Segment Open

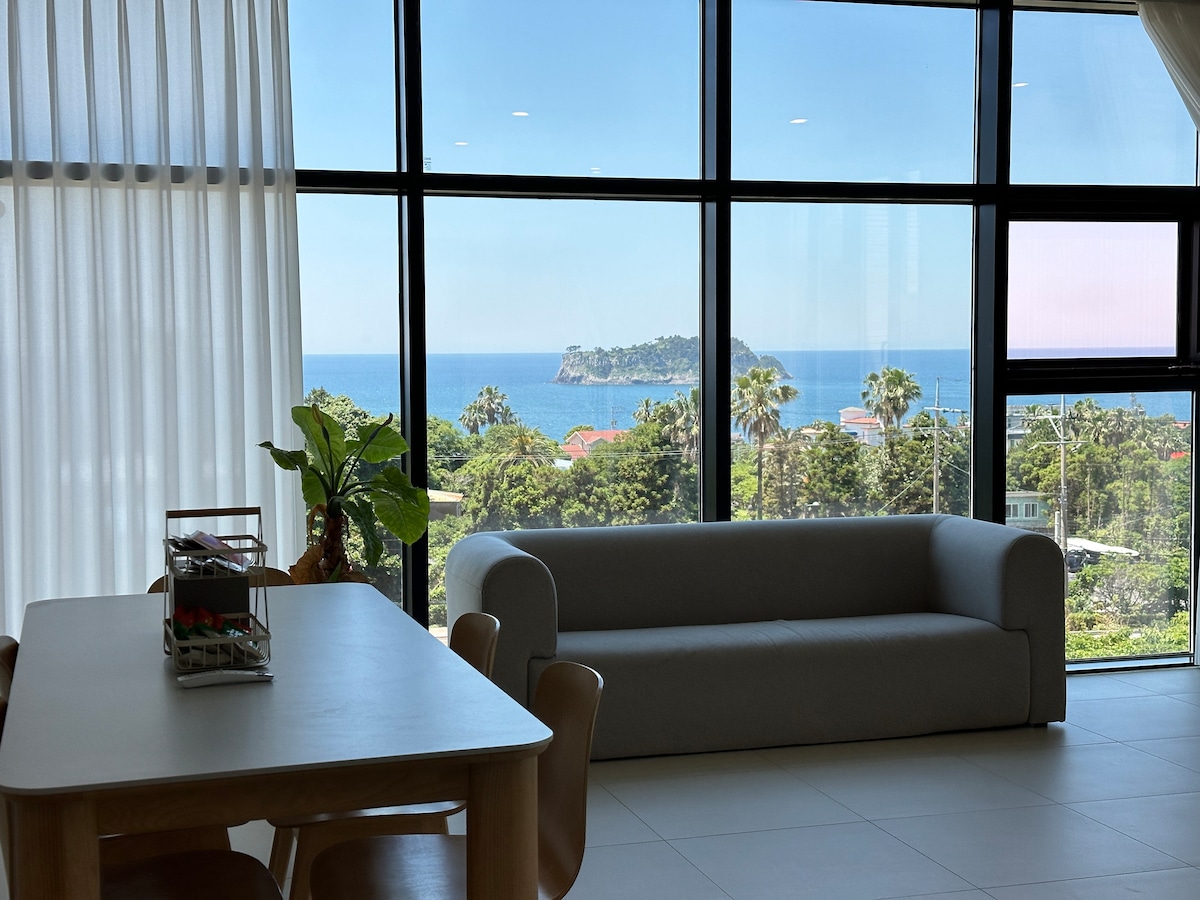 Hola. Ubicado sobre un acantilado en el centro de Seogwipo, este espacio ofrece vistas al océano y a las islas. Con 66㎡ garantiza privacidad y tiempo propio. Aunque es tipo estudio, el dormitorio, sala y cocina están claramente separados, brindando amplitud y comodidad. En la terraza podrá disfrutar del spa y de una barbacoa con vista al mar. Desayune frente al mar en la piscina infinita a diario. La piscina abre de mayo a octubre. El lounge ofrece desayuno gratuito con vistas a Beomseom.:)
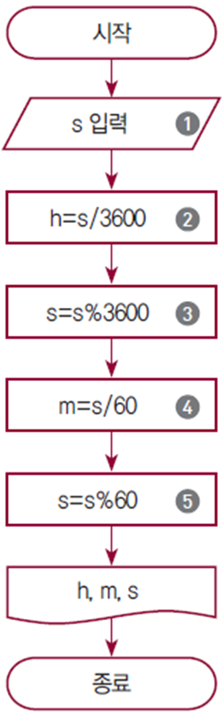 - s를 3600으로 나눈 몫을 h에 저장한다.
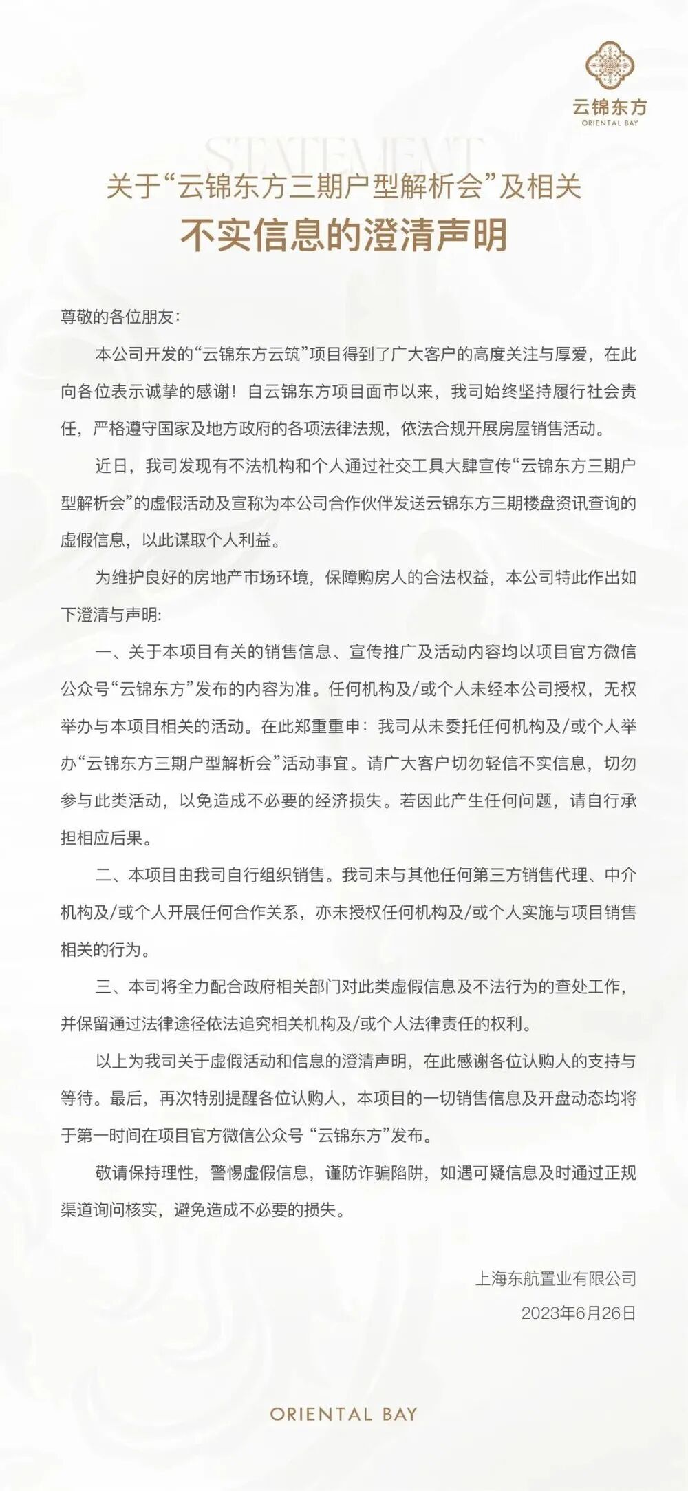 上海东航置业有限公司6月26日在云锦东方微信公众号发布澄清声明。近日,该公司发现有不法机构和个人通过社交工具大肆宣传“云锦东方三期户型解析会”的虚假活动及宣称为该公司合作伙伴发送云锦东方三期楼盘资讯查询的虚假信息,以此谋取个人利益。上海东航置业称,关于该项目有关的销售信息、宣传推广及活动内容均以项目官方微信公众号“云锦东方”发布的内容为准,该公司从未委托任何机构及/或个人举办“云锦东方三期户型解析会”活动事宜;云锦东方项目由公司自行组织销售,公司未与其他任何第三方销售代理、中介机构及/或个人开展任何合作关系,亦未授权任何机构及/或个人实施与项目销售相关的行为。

Segment Closed

## Task to carry out
What is needed is an exact copy of the lines from the beginning of the data through the line containing "- s를 3600으로 나눈 몫을 h에 저장한다.", both included, without any pictures.

## Result of the task
 Hola. Ubicado sobre un acantilado en el centro de Seogwipo, este espacio ofrece vistas al océano y a las islas. Con 66㎡ garantiza privacidad y tiempo propio. Aunque es tipo estudio, el dormitorio, sala y cocina están claramente separados, brindando amplitud y comodidad. En la terraza podrá disfrutar del spa y de una barbacoa con vista al mar. Desayune frente al mar en la piscina infinita a diario. La piscina abre de mayo a octubre. El lounge ofrece desayuno gratuito con vistas a Beomseom.:)
 - s를 3600으로 나눈 몫을 h에 저장한다.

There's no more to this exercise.